Participants were also asked to self-report their self-confidence to get their blood drawn and attend post-HIV-test counseling with this question: “Do you feel that you are confident to get blood drawn/take post-HIV-test counseling?” Participants were also asked to report their awareness of examinations or tests to detect HIV, HIV medication, and prophylaxis for HIV motherto- child transmission and to rate their selfconfidence of using HCT service. These questions were pilot-tested and minor revisions were made. Reinforcing factors refer to “rewards or punishments following or anticipated as a consequence of a behavior.”7 In this study, they were husband’s advice to participants to get tested and husband’s reminder to participant to get health checked in PHC, assuming that the women anticipated to gain at least verbal rewards after taking their advice. Past use of midwife service for current pregnancy was also a reinforcing factor, assuming that they would get better services when they were referred back to referring midwives. Midwives working in solo private and non-PHC facilities committed to send pregnant women to PHC for HIV checks. The agreement was reached between the Surabayan chapter of the Midwife Professional Association (Ikatan Bidan Indonesia Surabaya). After the screening was done, women’s were referred back to the referring midwives.

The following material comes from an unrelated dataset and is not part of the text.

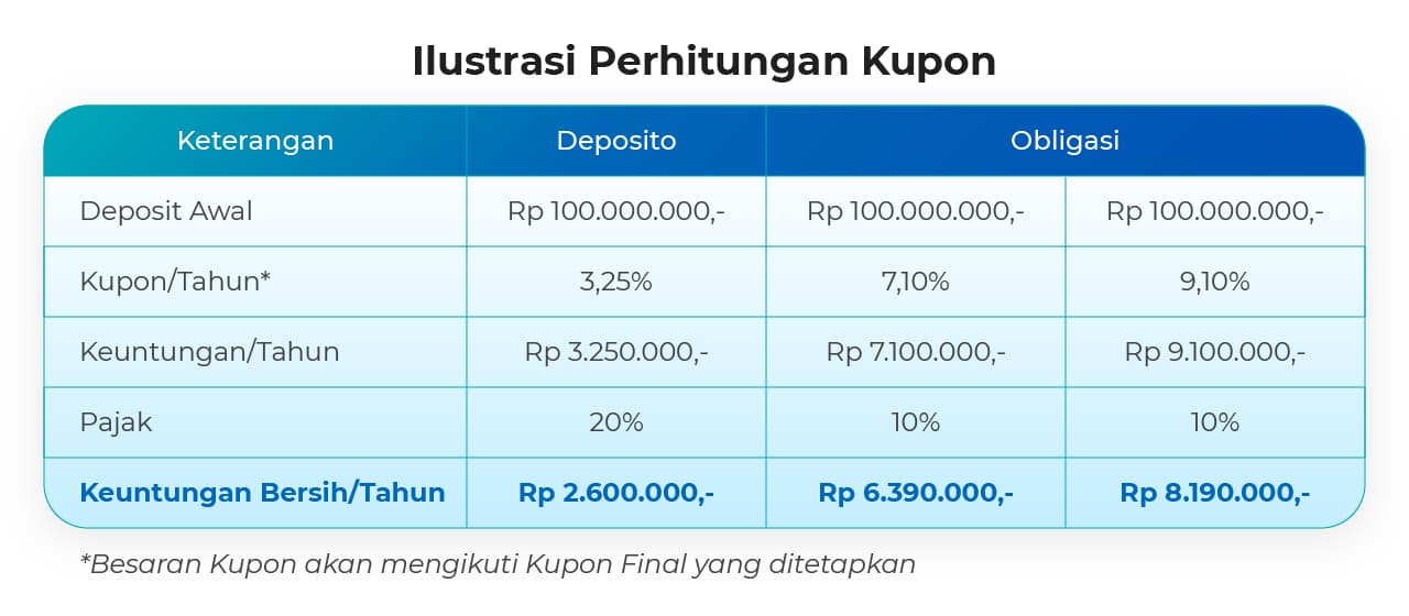 - Seri B : 3 tahun / 7,90% - 8,75%

Enabling factors refer to “Environmental characteristics that facilitate action and skills or access to resources or services needed to adopt certain behavior”.7 These factors were explored by asking participants to self-report the order of their current pregnancy, the number of antenatal care they attended in the current PHC they were visiting, the distance between their residences and PHCs, the time needed to access the testing service, their preference on service hours, husbands’ advice to get tested for HIV, husbands’ reminder to get health checked in the PHC, and whether they used midwife services for the current pregnancy prior to their current visit to PHC. The study flow is presented in Figure 1.

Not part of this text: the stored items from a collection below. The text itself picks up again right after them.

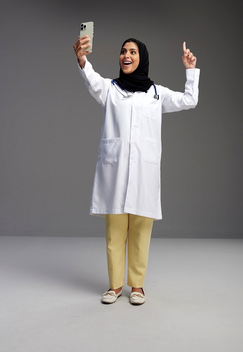 Saudi woman wearing lab coat with stethoscope standing taking selfie on Gray background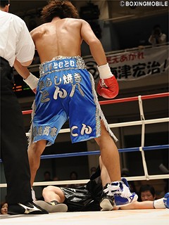 試合:中嶋の左フックが打ち抜く!立ち上がり、工藤が先手を奪うべくワンツーで仕掛けるも上体が流れ、中嶋のバックステップにパンチが届かない。2R、工藤のワンツーを冷静にブロックした中嶋は、打ち終わりに狙った左フックをアゴに直撃。大の字に倒れ込んだ工藤にレフェリーがノーカウントで試合を止めた。★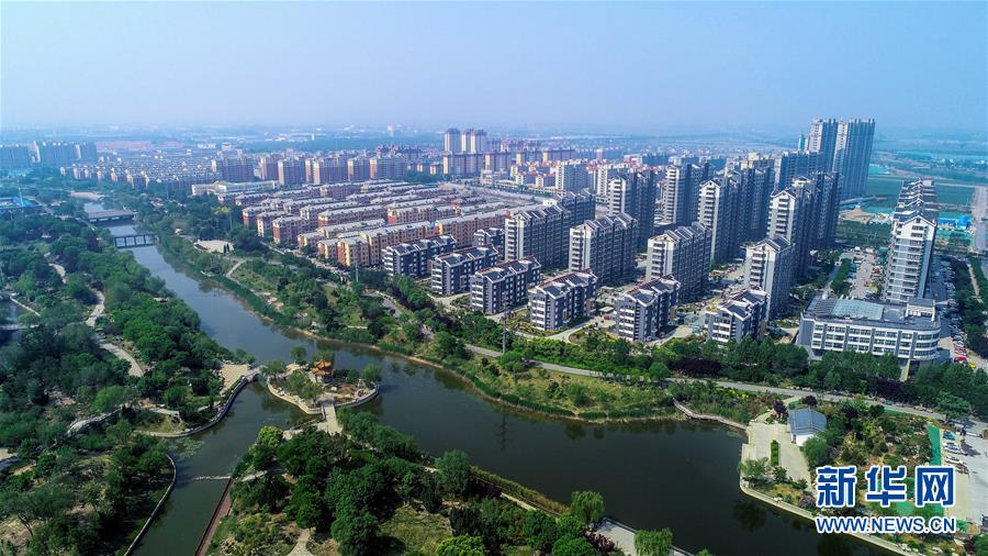 5月11日无人机拍摄的济南市商中河湿地生态绿色长廊。 初夏的泉城济南翠绿欲滴、泉水潺潺,市民和游客在大明湖、泉水公园等景区徜徉游览,构成一幅幅美丽图画。 新华社发(高启民 摄)

Figure 1. Study flow. PHC= primary health center
Ethical consideration
Ethical permission No. 315/EC/KPEK/ FKUA/2014 was granted by the Institutional Review Board of Universitas Airlangga Faculty of Medicine). Participants or their parents were asked for consents before the interviews started and a written informed consent was obtained prior to each interview. Under-aged participants were accompanied by at least one of their parents. Participation in the study was voluntary. All data were kept confidentially. After each interview, participants were told about the correct answers to HIV knowledge questions. Some monetary compensation was provided for the time the participants dedicated to this study.
Data analysis
Categorical data were dichotomously re-coded. “Don’t know” and “decline to answer“ responses to HIV knowledge questions were treated as incorrect answers and coded “1”. “Don’t know” and “decline to answer“ responses to other questions were treated as missing values. Lower values and orders were coded “1”. Multiple imputations14,15 using Statistical Package for the Social Sciences (SPSS) version 17 was applied to replace missing values. Descriptive analyses were applied to all variables. Determinants of HIV screening service use were analyzed with bivariate binary logistic regressions. Factors with p<0.05 were included in the respective multivariate binary logistic regressions. The procedure of Baron and Kenny16 was run on variables to detect mediation and moderation effect.
RESULTS
Data were collected in 2014 from 150 participants in 9 participating PHCs. Twenty one (14%) participants declined and 129 (86%) agreed to use HIV screening services.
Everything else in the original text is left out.